MPF/TO propõe cinco ações penais por circulação de moeda falsa

Casos aconteceram em Palmas, Luzinópolis e Palmeirópolis, sempre com gastos visando receber notas verdadeiras como troco das falsas repassadas no comércio.

O Ministério Público Federal no Tocantins propôs à Justiça Federal cinco ações penais envolvendo posse e circulação de moeda falsa no estado. Todos os denunciados estão sujeitos às penalidades previstas no artigo 289, parágrafo 1º do Código Penal.

Em setembro de 2011, em Palmas, o comerciante Ailton Santos da Silva, tentou introduzir em circulação uma cédula falsa de R$ 100,00 como parte do pagamento de bebidas que seriam comercializadas em seu estabelecimento, no valor de R$ 196,00. Após receber o pagamento em duas notas de cem reais, o empregado da distribuidora de bebidas suspeitou da autenticidade da nota, e diante do impasse foi chamada a Polícia Militar. O dolo por parte do comerciante foi evidenciado, segundo a denúncia, pela comprovação de que não teria havido troca de cédulas pelo entregador, conforme acusação, e por Ailton não ter negado a falsidade da cédula tão logo ter sido esta notada; as condições de comerciante acostumado ao manuseio de cédulas; e, por último, o fato de Ailton não dispor da quantia necessária para realizar o pagamento, já que precisou devolver a mercadoria.

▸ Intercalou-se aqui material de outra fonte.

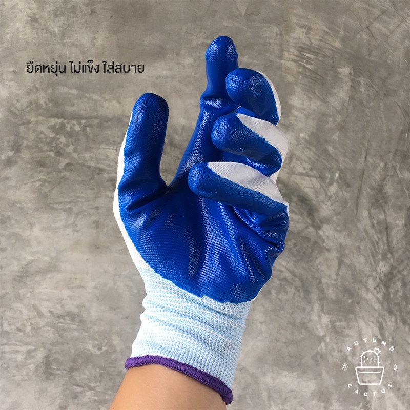 ✋ ถุงมือทำสวน ถุงมือผ้าเคลือบยาง ใส่สบาย ยืดหยุ่น ป้องกันหนาม ขนาด free size ✋

Também em Palmas, em agosto de 2011, Alesharly Nunes de Carvalho e Francivaldo Ferreira Batista tentaram repassar uma nota de R$ 100,00 no comércio. Após comprarem um refrigerante no valor de R$ 2,50 eles receberam o troco normalmente, já que a atendente não reconheceu a falsificação. No dia seguinte, o dono do estabelecimento tentou ofertá-la em pagamento a mercadorias, quando foi descoberta a fraude. Após recordar quem teria passado a nota, a Polícia Militar foi acionada e os dois acusados conduzidos à Delegacia de Polícia Federal, onde foram reconhecidos.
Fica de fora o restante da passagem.